Fortunately, Goldsmith was eventually approved for a disability claim and immediately diagnosed with post-traumatic stress disorder. “That access to VA care is the only reason I’m alive to testify before you today,” Goldsmith told lawmakers in a Congressional testimony on bad-paper discharges. He’s become the face of bad-paper discharges and has been a leading advocate for years.

12 years after his original discharge, Goldsmith’s discharge was upgraded to fully honorable. He did not know about it for a half a year because it was sent to his childhood home. Goldsmith is committed to making sure more veterans don’t have to go through what he went through.
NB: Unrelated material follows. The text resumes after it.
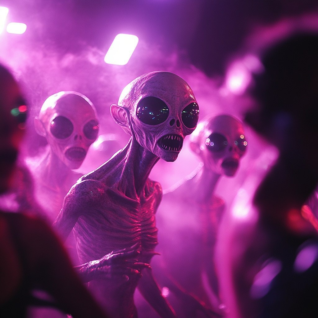 Создано на основе запроса: glow pink flourescent aliens in a dark night club dancing there's a smoke machine it's dark with lasers

“Through all of this frustration I’ve spent this time learning that I’m not alone, and that there are major systemic flaws that allow patriots like me to serve and sacrifice for this country, only to be discarded like trash,” he said. “Since I learned about this country’s abandonment of veterans with bad paper, it’s been my primary focus in life to see that things are made right.” 

David Shulkin, former VA Secretary under the Obama Administration, told congress that he planned to provide VA emergency treatment to veterans affected by bad-paper discharges. His successor, Robert Wilkie, has not continued to pursue these plans.

Last week, Goldsmith recommended the creation a new procedure for filing for benefits for veterans with a less-than-honorable-discharge. This way, veterans don’t have to be discouraged from filing as so many are. There will be a specific procedure for them.

Goldsmith and veterans advocate groups will continue to wait in frustration for Congress to take action.